With the pictures excluded, reproduce all of the data exactly.

----- Stored data

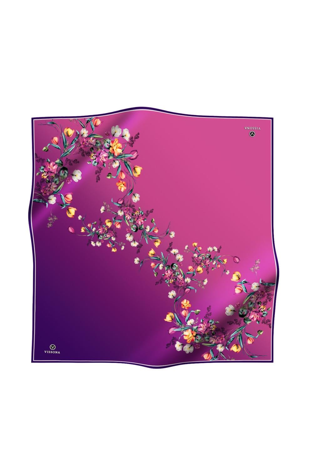 %100 Twill İpek Sonsuz Çiçek Desenli Mürdüm Renkli 90x90 Eşarp Dikim Şekli : El Dikişi (60849-7)
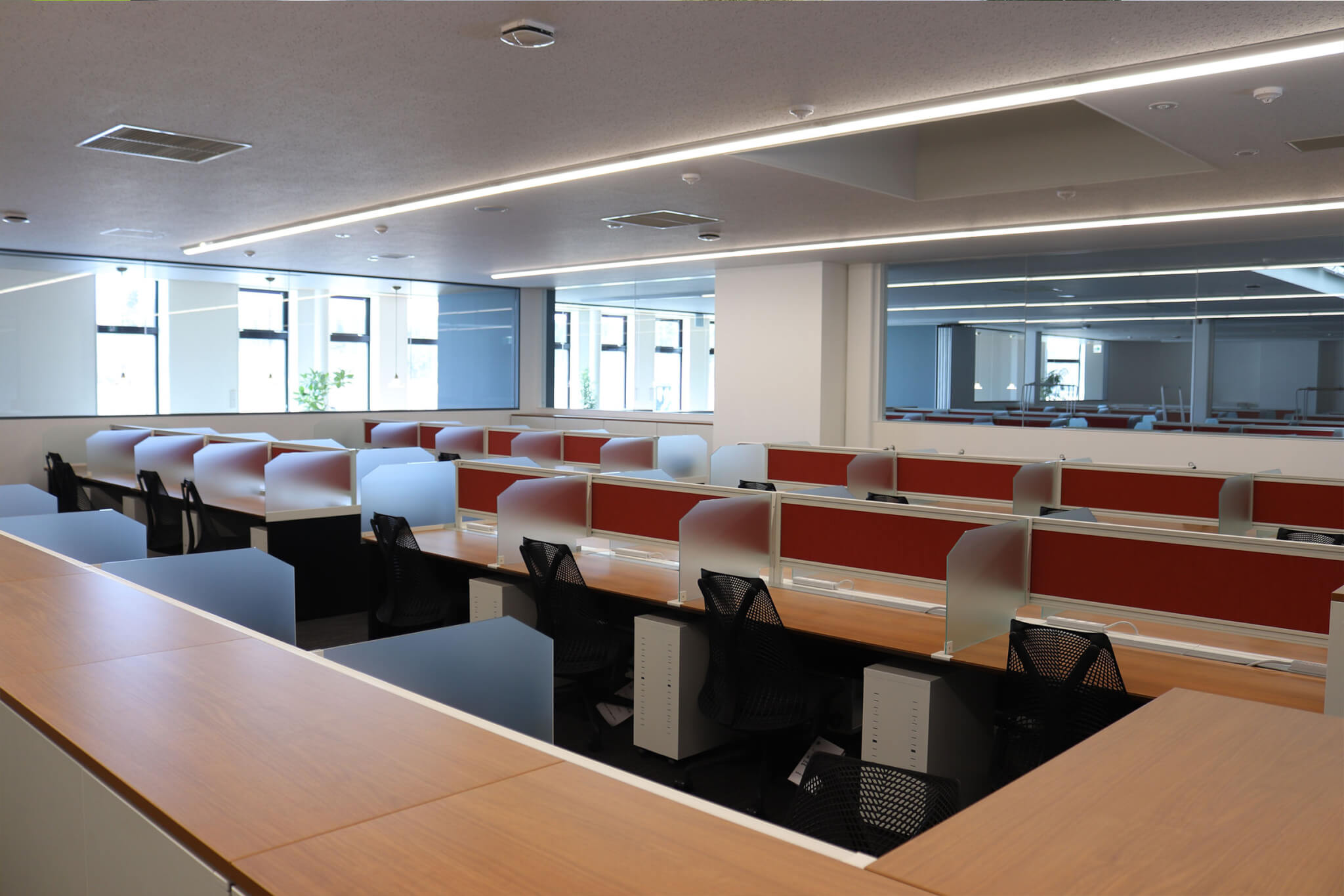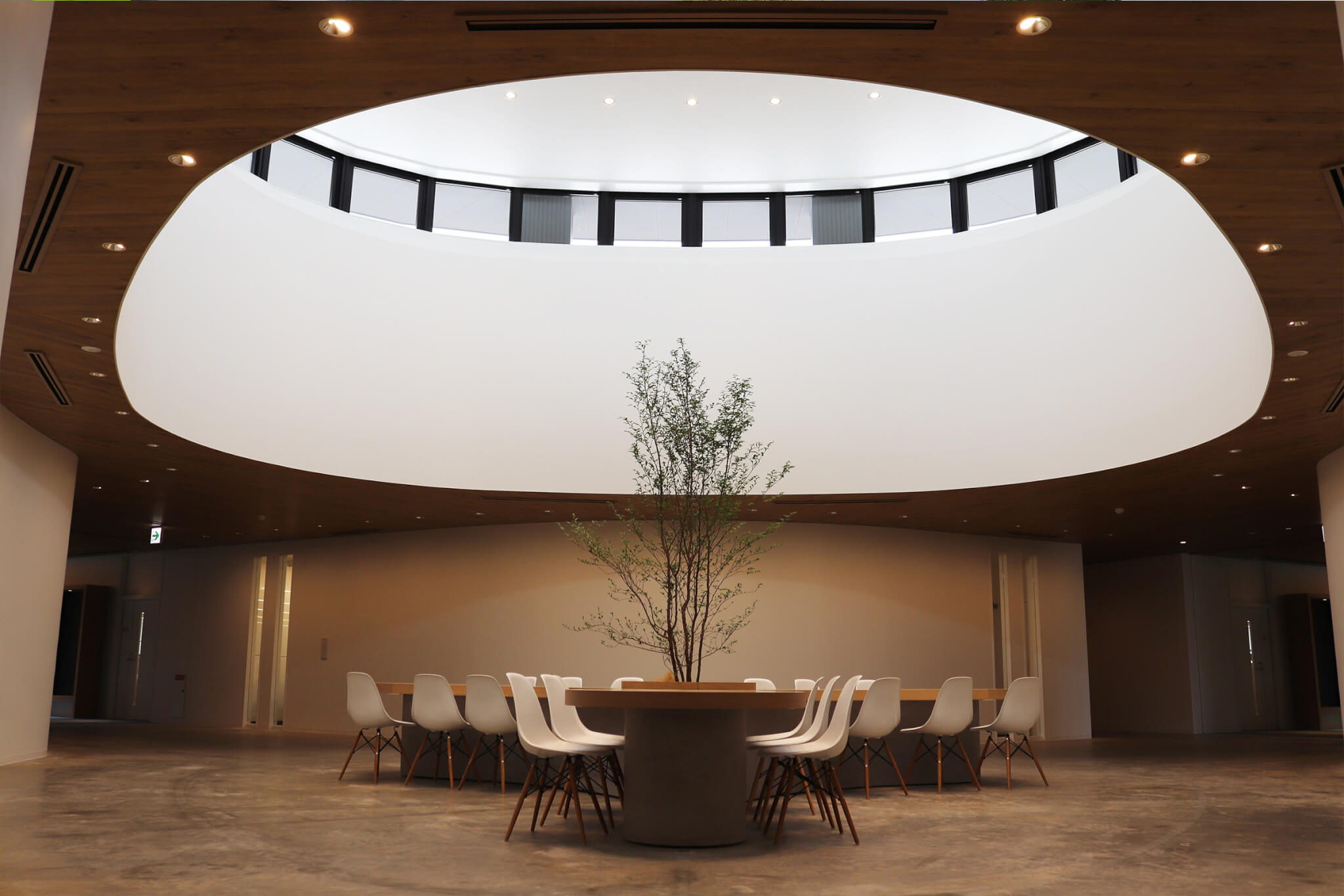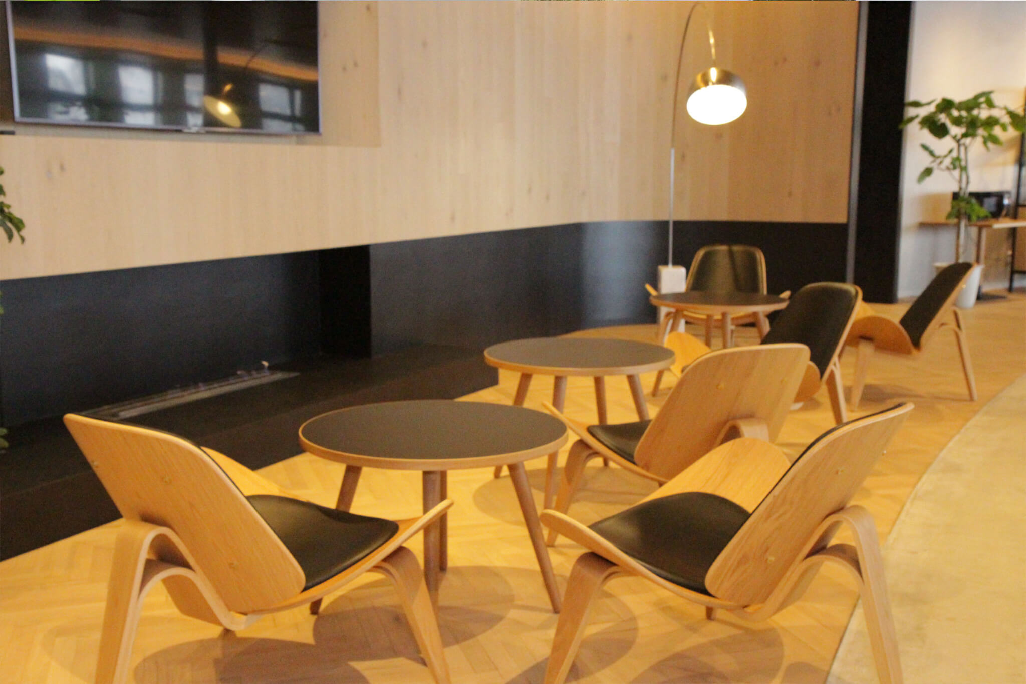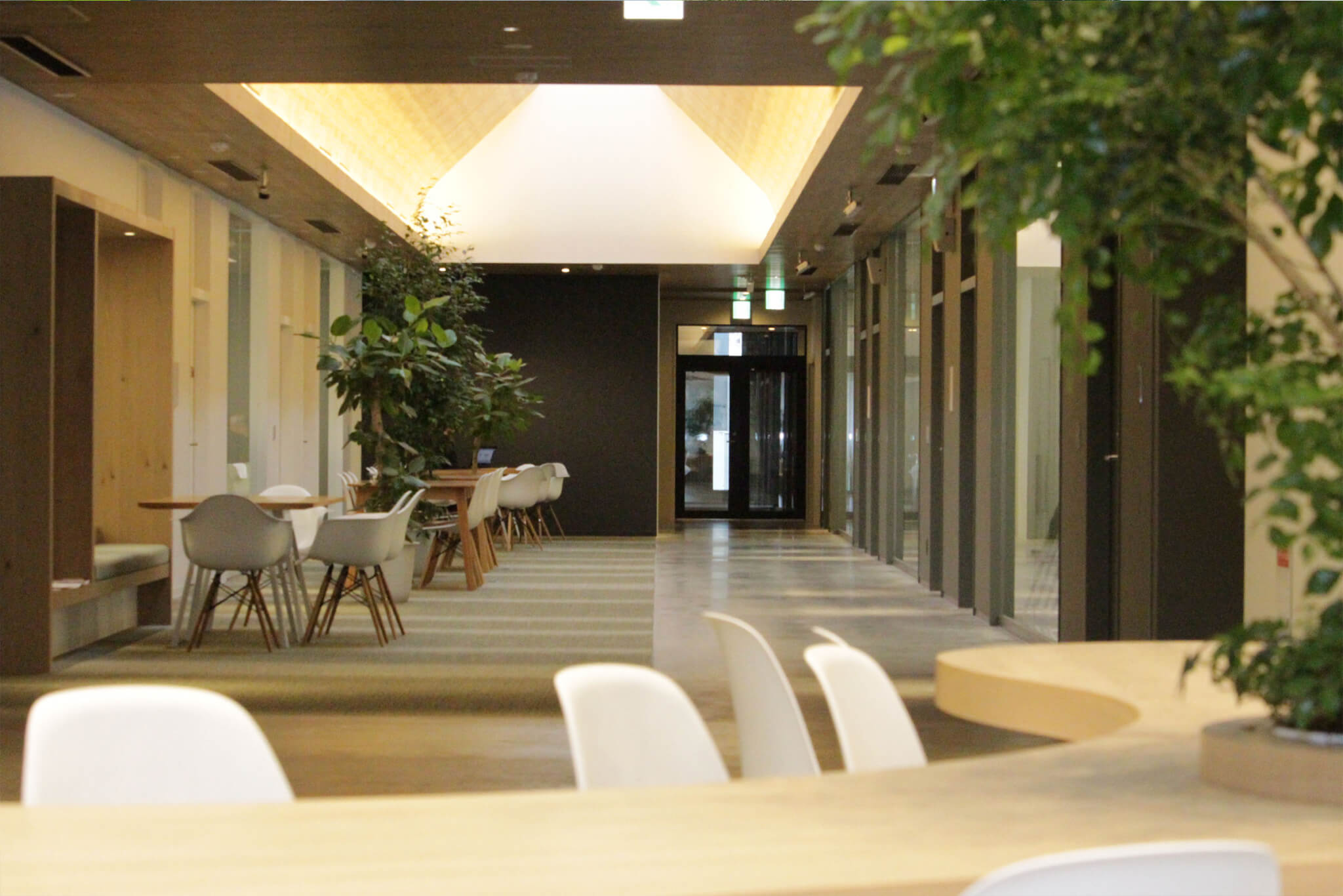 「三つ葉のクローバーの下で咲く笑顔」をイメージして作られた社屋は、木洩れ日が差し込む穏やかな空間。
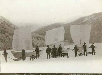 Keywords: Klondikers crossing frozen Lake Laberge with boats and sleds outfitted with sails, Yukon Territory, 1897 (LAROCHE 282).jpeg Photograph Creator Frank La Roche Caption on image Ice-sailing across Lake Le Barge Ice sailing across Lake Le Barge The lake is a beautiful sheet of water thirty-five miles long It is about twenty-four miles from the White Horse Rapids and the intervening River is smooth and deep the whole distance It is no uncommon thing for the boat to be wind bound for several days at a time When winter has set in and the lake has become a sheet of ice the delightful sensation of sailing across the frozen surface will not only be enjoyed but will hasten the traveler on his northward journey It is exhilarating and heathful and if the wind be favorable it will recompense the gold-seeker for previous delays The group in the photograph presents the appearance of a pleasure party rather than men who are fighting hardships Frank La Roche En Route to the Klondike 1898 Klondike Gold Rush Subjects LCTGM Ice--Yukon; Lakes ponds--Yukon; Iceboats--Yukon; Dogs--Yukon Territory Subjects LCSH Laberge Lake Yukon depicted place Lake Laberge 1897 Institution University of Washington UWASH-LAROCHE-source accession number laroche 282 PD-old-auto-1923 1936 Information field Order Number LAR231 Lake Laberge Klondike Gold Rush 1897 in Yukon Sailboats in Canada Frozen lakes of Canada Sled dogs Sledding in Canada Black and white photographs |
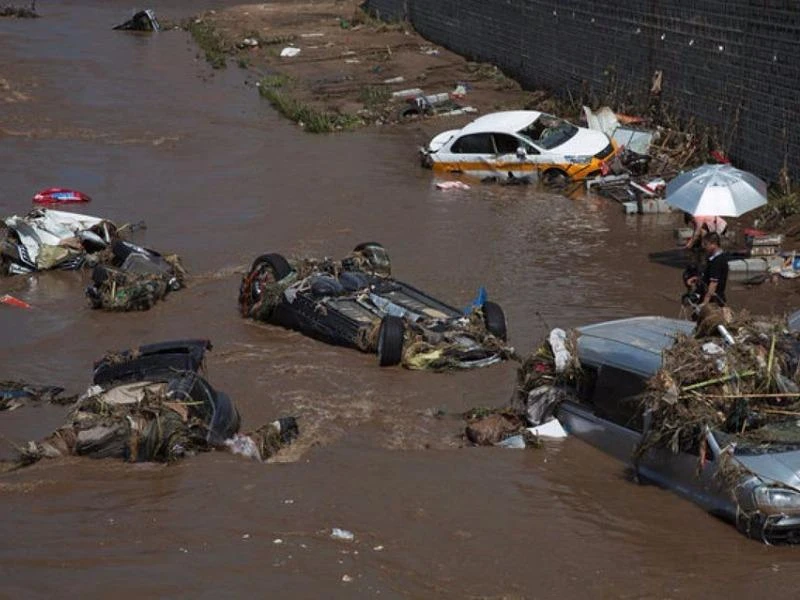 Hình ảnh dòng nước lũ cuốn trôi hàng loạt xe hơi ở tỉnh Cát Lâm hôm 15-7. Ảnh: REUTERS
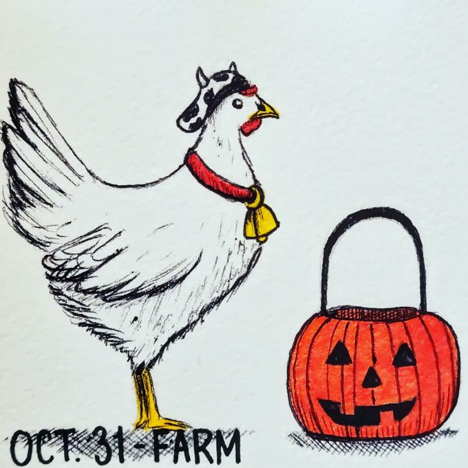 #Inktober Day 31 - #Farm This #chicken is udderly delighted to go trick-or-treating! Happy Halloween! 🐔🎃 #inktober2022 #chickens #cows #halloween #halloween2022 #halloweencostume #trickortreat

----------

Expected answer =>
 %100 Twill İpek Sonsuz Çiçek Desenli Mürdüm Renkli 90x90 Eşarp Dikim Şekli : El Dikişi (60849-7)
 「三つ葉のクローバーの下で咲く笑顔」をイメージして作られた社屋は、木洩れ日が差し込む穏やかな空間。
 Keywords: Klondikers crossing frozen Lake Laberge with boats and sleds outfitted with sails, Yukon Territory, 1897 (LAROCHE 282).jpeg Photograph Creator Frank La Roche Caption on image Ice-sailing across Lake Le Barge Ice sailing across Lake Le Barge The lake is a beautiful sheet of water thirty-five miles long It is about twenty-four miles from the White Horse Rapids and the intervening River is smooth and deep the whole distance It is no uncommon thing for the boat to be wind bound for several days at a time When winter has set in and the lake has become a sheet of ice the delightful sensation of sailing across the frozen surface will not only be enjoyed but will hasten the traveler on his northward journey It is exhilarating and heathful and if the wind be favorable it will recompense the gold-seeker for previous delays The group in the photograph presents the appearance of a pleasure party rather than men who are fighting hardships Frank La Roche En Route to the Klondike 1898 Klondike Gold Rush Subjects LCTGM Ice--Yukon; Lakes ponds--Yukon; Iceboats--Yukon; Dogs--Yukon Territory Subjects LCSH Laberge Lake Yukon depicted place Lake Laberge 1897 Institution University of Washington UWASH-LAROCHE-source accession number laroche 282 PD-old-auto-1923 1936 Information field Order Number LAR231 Lake Laberge Klondike Gold Rush 1897 in Yukon Sailboats in Canada Frozen lakes of Canada Sled dogs Sledding in Canada Black and white photographs |
 Hình ảnh dòng nước lũ cuốn trôi hàng loạt xe hơi ở tỉnh Cát Lâm hôm 15-7. Ảnh: REUTERS
 #Inktober Day 31 - #Farm This #chicken is udderly delighted to go trick-or-treating! Happy Halloween! 🐔🎃 #inktober2022 #chickens #cows #halloween #halloween2022 #halloweencostume #trickortreat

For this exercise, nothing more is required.